Sometimes things don’t go as planned. Sometimes things don’t go at all. Right now I’m frustrated, angry, confused and demotivated. I started taking training and dieting seriously in fall last year, since then I’ve dropped a total of 10kg. If you’ve read my posts before you’ll know I’ve actually lost more than that, but now I’ve suddenly GAINED WEIGHT! 2kg to be more exact. I’m angry because this life changing journey of mine should be showing more results weight wise, but having been diagnosed with Crohns and this week something in my head and neck snapped and my neck is so extremely sore and now this LOAD OF BS.. My first though was “this is b*llshit”. My trainer was as shocked as me. I’ve been eating healthy, working out more than before, but something has disrupted the weight loss. I need to lose a kilo in a week or otherwise… I don’t know.. my trainer said we’d add even more workouts, but I’m all ready doing 7 days a week, I’m not sure I can handle it. I really need to fine tune my diet, check my calorie intake.

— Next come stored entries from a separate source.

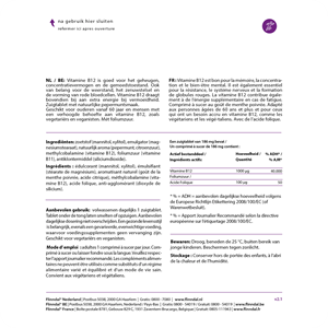 Edulcorant (mannitol, xylitol), émulsifiant (stéarate de magnésium), arôme naturel (menthe poivrée, acide citrique), méthylcobalamine (vitamine B12), acide folique (vitamine B9), anti-agglomérant (dioxyde de silicium).
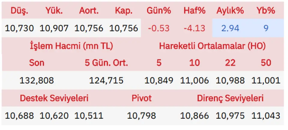 Ulusal 100 endeksinde, geçtiğimiz gündeki işlem aktivitesi 10730 - 10907 seviyeleri arasında gerçekleşti ve önceki güne göre yüzde 0.53 düşüşle (-57.84 puan) kapandı. Endekste destek ve direnç olarak 10688 ve 10866 seviyelerini takip edeceğiz. 200 günlük ortalamanın üzerinde olmamız trend için önemli, olası düşüşlerde ortalama seviyesinin altına inmediğimiz sürece alım fırsatı olarak görüyoruz.
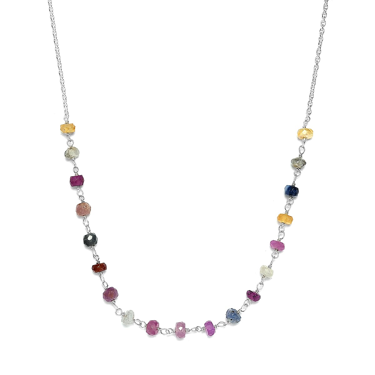 Multi Sapphire Beaded Necklace 18 Inches in Sterling Silver 5.10 ctw

Here’s a tip for you guys out there, make sure you eat enough!! I wasn’t eating enough before, and now I need to again keep track of my calories, maybe I’m not eating enough again. But this is seriously getting to me and I’m just furious with myself and my goddamn body that won’t do as I say. 🙂
But maybe the biggest difference is my mind, and my determination. A few years back something like this sent me off in a feeding frenzy, binge eating followed by depression and anxiety. Now although the same thoughts creep into my head, I can control them. They sound like a nagging spoiled brat now, not like a wise adult like they did before, ie. I’m not taking my thought too seriously. I just focus on the goal ahead and try to make every day count. You can’t be hard on yourself all the time. I need to focus my energy on the training, not on the past weeks that apparently hasn’t gone so good. Sigh, step one, I’m going to go drink a glass of water and some tea and eat something, chicken and salad, I promise!